Have you tried the “5 Around Drop” or canvassing campaigns? Those are cheap ways to generate new leads and prospects. What about JVs? I didn’t see you mention that, but that should be on EVERYONE’S marketing diet. Overall, you’re doing a GREAT job because you’re doing something. Keep an eye on the numbers and keep implementing and tweaking; I can assure you this will continue to get easier and you’ll continue to get smarter about where to invest your marketing dollars sooner than you think; but keep seeking to improve the existing assets you have in selling more services to your existing customers, generating referrals, and the campaigns that ARE working.
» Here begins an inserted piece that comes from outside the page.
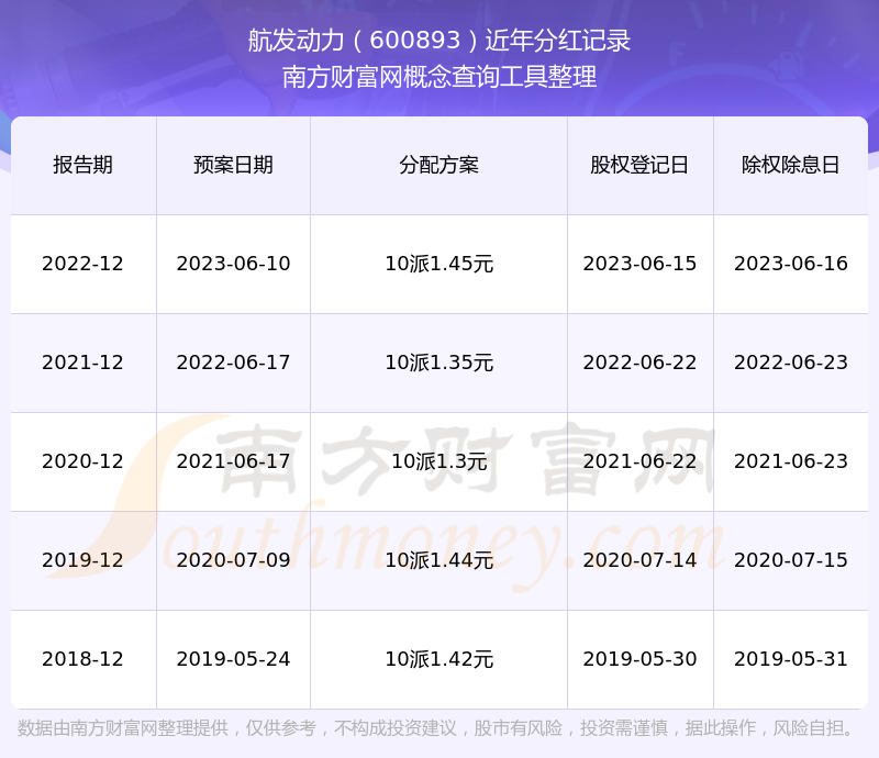 航發(fā)動力最新一次公布的分紅方案:10派1.45元。

New Years Resolution #4: Test more NEW ideas and fail MORE
Continuing on from above, I also want to point out something very important: Not everything you do will give a solid return and you shouldn’t expect it to. In marketing and in business, you have to constantly take risks and try new approaches and strategies, setting a certain amount of money aside for testing new ideas. It’s ludicrous to think that every single marketing campaign you run will play out as anticipated, and trying to make sure that it does will make you waste a LOT of time deliberating over umpteen choices only to end up at the same result. I would encourage you to boldly test new strategies on a regular basis such as new marketing concepts, price points, guarantees, marketing messages, offers, service packages, closing techniques, etc. That’s HEALTHY, and yes, sometimes you’ll end up with a goose egg. That’s okay. If you’re not coming up blank every once and again you’re not trying hard enough or moving forward with enough new ideas. Nothing, and I mean NOTHING is 100% guaranteed in business. If you constantly try to play it safe and only roll out the campaigns you’re absolutely certain you’ll win will cause you to get very little done, procrastinating and losing in the long run while more aggressive entrepreneurs eat you for lunch and pass you on the business battlefield like you’re standing still.